As described above, according to the present invention, it is possible to completely remove the silicon nitride film that is the end face reflection film that has gone around to the electrode side. As a result, the adhesion between the heat sink and the laser diode is perfect, and electrical resistance and thermal resistance can also be reduced.
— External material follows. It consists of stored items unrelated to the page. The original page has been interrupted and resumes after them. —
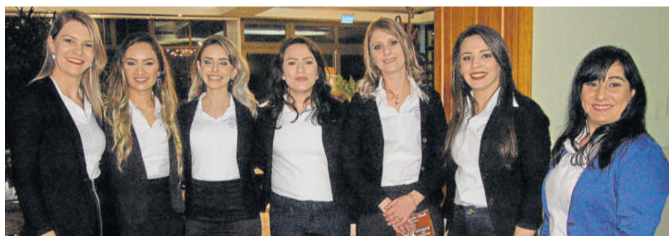
Algumas das colaboradoras da Cirandinha fazendo a recepção no evento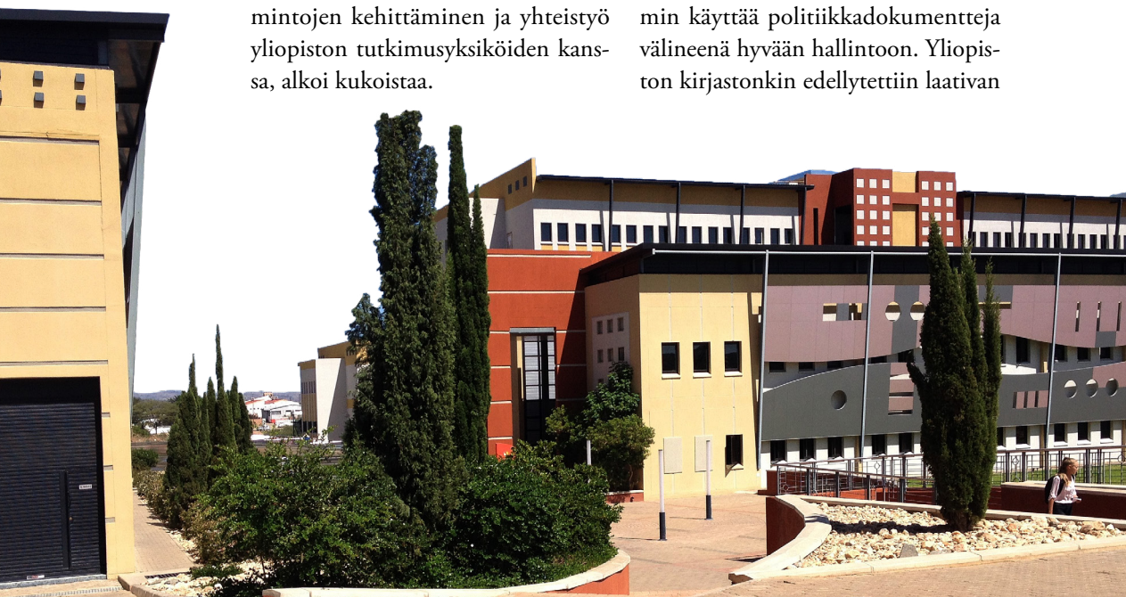
UNAMin arkkitehtonisesti kaunis terveystieteiden kampus Windhoekissa aloitti toimintansa 2010. Se on hyvin varustettu nykyaikaisilla laboratorioilla ja monipuolisilla opiskelutiloilla. Vuonna 2016 valmistuivat ensimmäiset Namibiassa koulutetut lääkärit.

N amibiassa yliopisto, kuten julkinen sektori yleensä, alkoi näinä vuosina yhä tiukemmin käyttää politiikkadokumentteja välineenä hyvään hallintoon. Yliopiston kirjastonkin edellytettiin laativan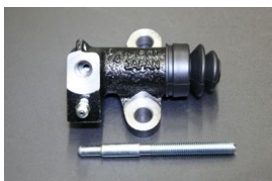
手動調整 3/4レリーズシリンダー 適合：GC10/S30前期 価格：¥8,160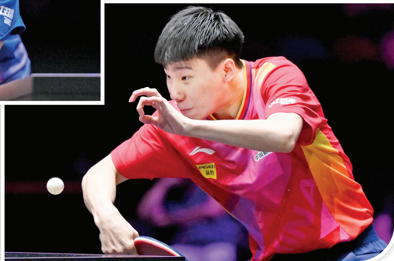
▼9月11日,徐瑛彬在比赛中回球。当日,在2024年世界乒乓球职业大联盟(WTT)澳门冠军赛男子单打首轮比赛中,中国选手徐瑛彬3比2战胜中国台北选手庄智渊,晋级十六强。

Therefore, an increase in thermal resistance due to poor adhesion is eliminated, and the image of the laser oscillation characteristics is significantly improved.

[Brief explanation of the drawing]

FIG. 1 is a diagram of a dry etching process using a reactive sputter etching method showing one embodiment of the present invention, FIG. 2 is a diagram of a dry etching process using an ion milling method showing another embodiment of the present invention, and FIG. The figure is a diagram showing a conventional process for forming an edge reflection film in a semiconductor laser diode, and FIG. 4 is a diagram showing an adhesion state of an edge reflection film formed by the conventional method. 1°...Laser diode bar, 2...
...Silicon nitride film, 3...Pinching jig,
4...Silicon nitride film target, 5...
... Edge reflective film, 6... Electrode, 7...
Surrounding reflective film, 8... Cathode electrode, 9...
...Counter electrode, 10...Ion source,
11 Kawakawa Holder. Agent Patent Attorney Susumu Uchihara / L-Fj″ikuo L-high °- 12 figures) b. figure

Claims (1)

[Claims] A semiconductor device comprising the steps of forming an end face reflective film by high-frequency sputtering a silicon nitride film on the end face of a laser diode element, and dry etching the electrode forming surface of the laser diode element including the end face reflective film. manufacturing method.